Only six established oil sands players have signed onto the Pathways Alliance, an industry organization that aims to cut CO2 emissions from operations by installing carbon capture projects.

Still, a sale to one of those players, such as Suncor – TotalEnergies’s remaining partner in Fort Hills – would not be out of the question at the right price.

In an outlook on themes that could dominate ESG conversations in 2023, National Bank Financial analyst Baltej Sidhu highlighted corporate M&A as a big one, even in the face of a backlash that ESG investing has faced over the past year, especially in U.S. political circles.

Even so, ESG is playing a bigger role in the due diligence process for deal-making, and ESG-related risks are being weighed much earlier in transaction processes, Mr. Sidhu said. In addition, multinational companies and those in heavy-emitting industries such as oil and gas are most likely prioritize such factors in M&A discussions.

Some of the aspects being scrutinized are whether an acquisition will bolster or weaken a buyer’s ESG strategy, what the impact of social ills or greenhouse gas emissions within a target’s supply chain will be and whether a target has been accused of greenwashing – making false or exaggerated environmental claims.

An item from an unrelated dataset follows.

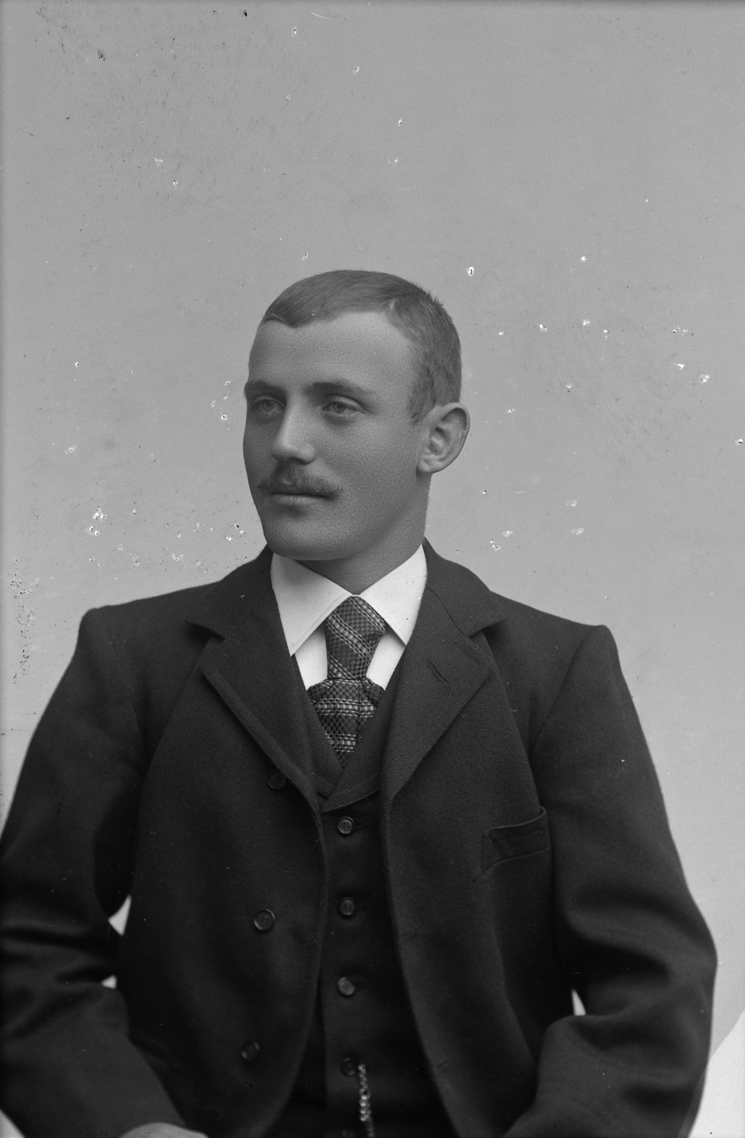 Beskrivning: Porträtt i halvfigur av Julius Persson.

In a 2022 survey of global deal-makers, the accounting firm KPMG found that more than two-thirds of respondents said they were willing to pay a premium for companies with “a high level of ESG maturities in areas that align with their ESG priorities.” Half said that uptick would be between 1 and 5 per cent, and one in five said the premium could top 5 per cent.

Jurisdictions with stringent regulations for emissions and climate-risk disclosure, notably the European Union and soon the United States, will see the most ESG-driven takeover action, Mr. Sidhu said in an interview.

ESG investing is already changing the face of the energy industry. Last last year, oil major BP PLC BP-N bought U.S.-based biogas producer Archaea Energy Inc. for US$4.1-billion. Shell PLC RYDAF made its own push into renewable natural gas, buying Danish-based Nature Energy for US$2-billion. RWE Energy, Germany’s largest power producer, bought Consolidated Edison Inc.’s U.S. renewable power business for US$6.8-billion.

Companies that have set short-term and long-term emissions reduction goals will be driven to M&A markets when it becomes clear they won’t be able to achieve them with their current slate of assets and investment plans, he said.

“In the end, it’s all devised as long-term value creation and reducing the risk profile.”